# Indexed assignemet has a significant overhead

Hi all, I’ve recently noticed that an indexed assignment (i.e. `r[idx] = something`) leads to quite an overhead. Does anyone have some insight into why does this happen and any mitigation of this problem?
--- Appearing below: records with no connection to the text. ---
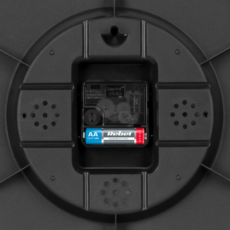 Wygodne zasilanie bateryjneZegar zasilany jest za pomocą standardowej baterii AA, co sprawi, że jest wyjątkowo łatwy w użytkowaniu. Brak przewodów sprawia, że można go umieścić w dowolnym miejscu ? wystarczy zawiesić go na ścianie, wykorzystując praktyczny otwór montażowy. Energooszczędny mechanizm pozwala na długotrwałą pracę na jednej baterii, minimalizując konieczność częstej wymiany.
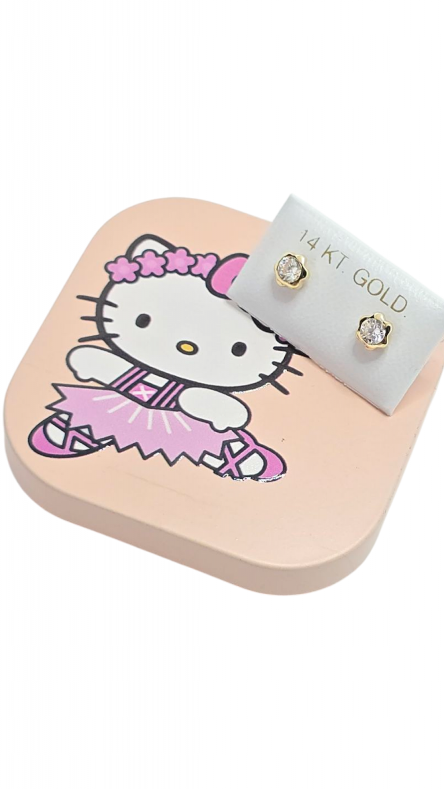Cercei Bebe in forma de floare din Aur galben 14 kt si cristal Zirconia
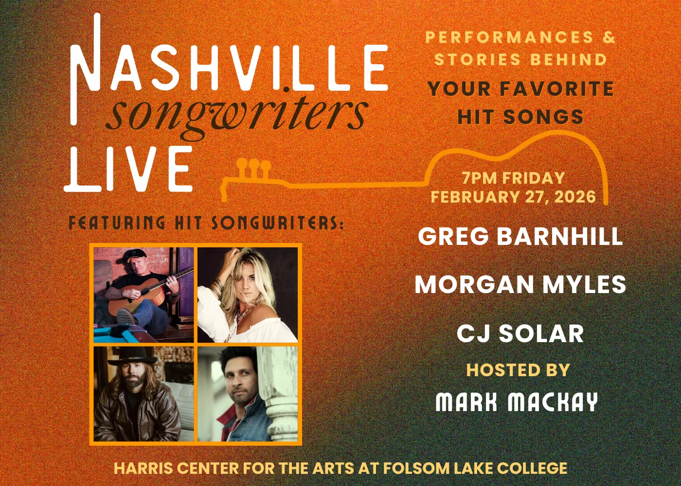 Join top songwriters Greg Barnhill, Morgan Myles (top 3 finisher on NBC’s The Voice!), CJ Solar, and Mark Mackay for an intimate show with a full band, acoustic moments, and unforgettable storytelling. These talented performers will unravel the tales that inspired their chart-topping hits for artists like Martina McBride, Amy Grant, and Morgan Wallen. Don’t miss this unique and personal experience! Plus, your attendance supports nonprofit life-changing programs for youth. Book your tickets now for an unforgettable night of music, storytelling, and making a positive impact.
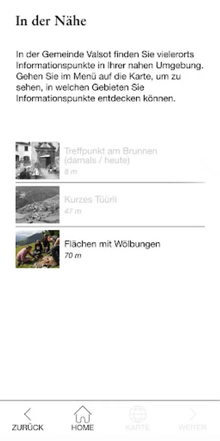 * Open the app when you are in the municipality of Valsot. The «NEARBY» function shows you the information points in your area. Distance information and a map help to find the exact locations
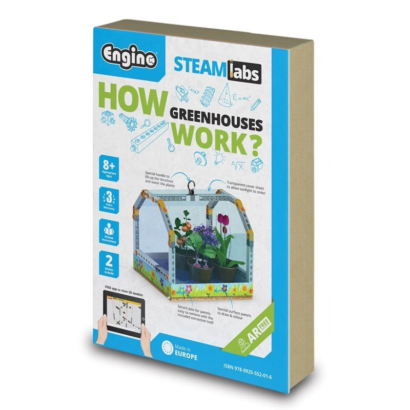 When they're done experimenting, kids can take off their hard hats and pick up their coloured pencils and decorate their very own snap-on skins! Plus, young learners will get a coloured booklet with: a micro-history of agriculture full of fun facts hands-on STEM experiments with their own corn and bean seeds the easy-to-master theory behind photosynthesis and greenhouses a quiz to test their understanding of key STEM concepts easy-to-follow building instructions printable skins to practice their design skills.
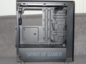 - En partie basse, la cage d’alimentation intégrale qui est munie du nom de la marque ( ici « Spirit Of Gamer ») , et d’ une ouverture qui permet le passage de câble.
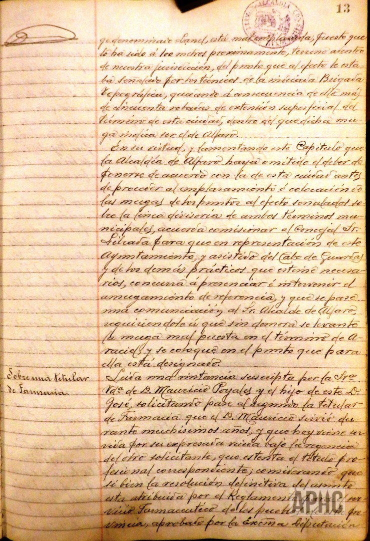 – El cabo de Guardas informa sobre una indebida colocación de una muga por parte de Alfaro, en Araciel y se autoriza al Concejal Sr. Librada para que con el cabo de Guardas y el personal técnico oportuna revise las mugas, a la vez que se comunica al Alcalde de Alfaro, proceda al levantamiento de la muga mal colocado y se instale en el lugar designado, cuya colocación realizó sin previo aviso a este Ayuntamiento.
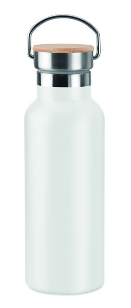 Dvoslojna termosica od nehrđajućeg čelika s poklopcem od bambusa i ručkom za nošenje. Kapacitet: 500 ml. Sublimacijski tisak dostupan je samo na bijelom artiklu. Ne propušta. Bambus je prirodni proizvod, moguće su male varijacije u boji i veličini po artiklu, što može utjecati na konačni rezultat dekoracije.
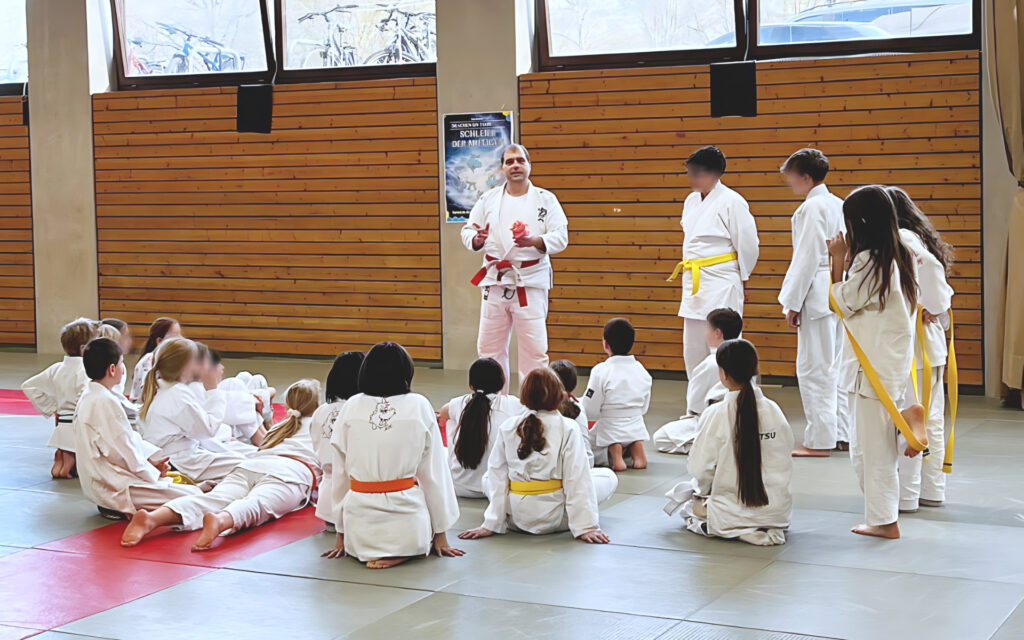 Referent war Enno Häberlein, 6. Dan Ju-Jutsu und Referent für Aus- und Fortbildung Jugend im Deutschen Ju-Jutsu Verband. Mitgebracht hatte er sein neues Lehrgangskonzept „Schleier der Mutigen“. Und das traf bei den Kindern ins Schwarze.
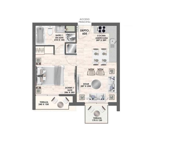 Departamento de un dormitorio en suite
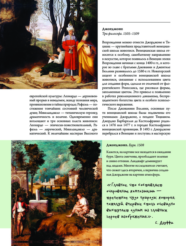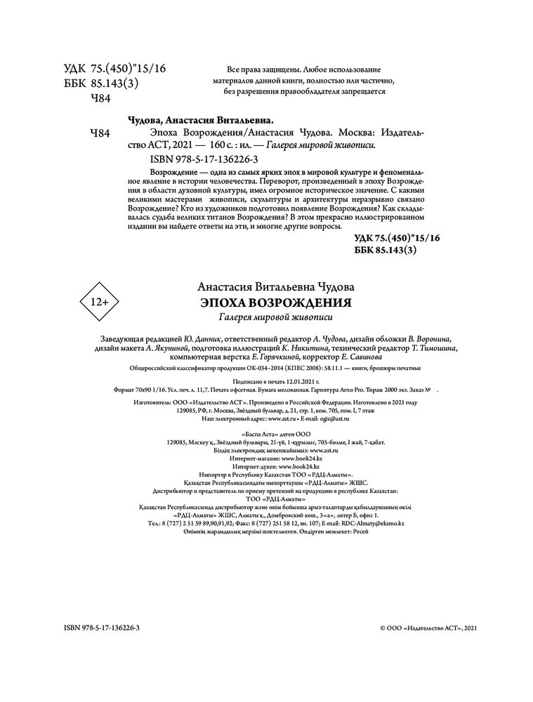 Эпоха ВозрожденияВ данный момент этот товар отсутствует в продаже. Возможно, у нас найдется аналогичный или похожий товар здесь. Серия: Галерея мировой живописи Возрождение — одна из самых ярких и изменивших мировоззрение людей эпох в мировой культуре и феноменальное явление в истории человечества. Это было время нового осмысления природы и человека и грандиозных перемен в истории европейских народов. Переворот, произведенный в эпоху Возрождения в области духовной культуры, имел огромное историческое значение. Из всех областей культуры искусство занимало в Италии первое место. Оно было естественным творческим выражением людей того времени. Поэтому не случайно именно с этой эпохой ассоциируются имена великих живописцев, скульпторов, архитекторов, первооткрывателей и исследователей. Их великие произведения пережили свое время и, пройдя через века, сохранили силу своего воздействия на зрителя, дали толчок к развитию своеобразных национальных культур, а разработанный ренессансными мастерами реалистический метод определил дальнейшее развитие всей художественной культуры Нового времени.С какими великими мастерами живописи, скульптуры и архитектуры неразрывно связано Возрождение? Кто из художников подготовил появление Возрождения? Как складывалась судьба великих титанов Возрождения? В этом прекрасно иллюстрированном издании вы найдете ответы на эти, и многие другие вопросы. |
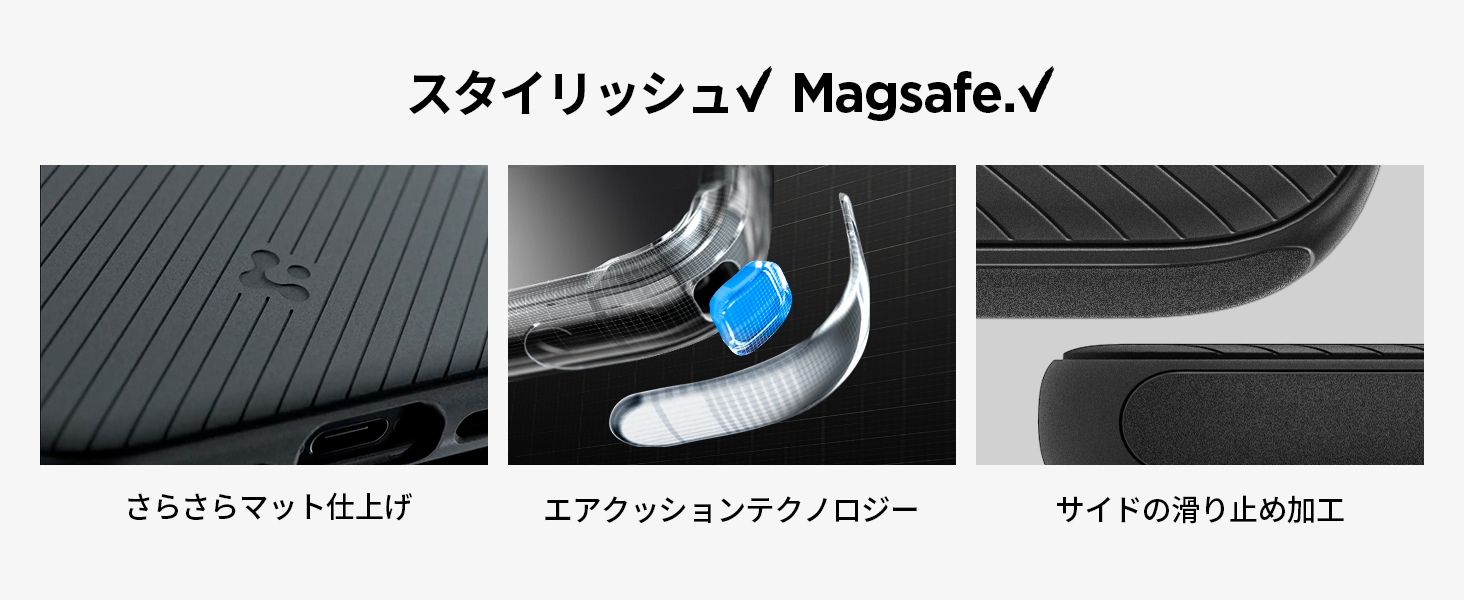 MagSafeに対応していながらもこれだけのクオリティ。サイドには滑り止めもついており、落下の心配もなく使用させていただいております。

Here a snippet to reproduce:

``````torch.set_num_threads(1)

r = torch.zeros(1000, 512)
m1 = torch.randn(1, 1000)
m2 = torch.rand(1, 512)

idx = torch.arange(start=0, end=1000, step=1).long()

times = []
for i in range(1000):
start = time.perf_counter_ns()
r = m1.t().mm(m2)
end = (time.perf_counter_ns() - start) / 1e+6
times.append(end)
print("nothing")
print(f"{np.mean(times)}ms pm {np.std(times)}ms\n")

times = []
for i in range(1000):
start = time.perf_counter_ns()
r = m1[:, idx].t().mm(m2)
end = (time.perf_counter_ns() - start) / 1e+6
times.append(end)
print("m1 indexing")
print(f"{np.mean(times)}ms pm {np.std(times)}ms\n")

times = []
for i in range(1000):
start = time.perf_counter_ns()
r[idx] = m1[:, idx].t().mm(m2)
end = (time.perf_counter_ns() - start) / 1e+6
times.append(end)
print("r and m1 indexing")
print(f"{np.mean(times)}ms pm {np.std(times)}ms\n")
``````

which results in

nothing
0.8633705ms pm 0.1330834445742595ms

m1 indexing
0.9316685ms pm 0.26098909218155075ms

r and m1 indexing
1.4100757999999998ms pm 0.4815578560197726ms

Thank you all.

I’m not sure I understand the question completely, but indexing tensors would add some overhead which is expected.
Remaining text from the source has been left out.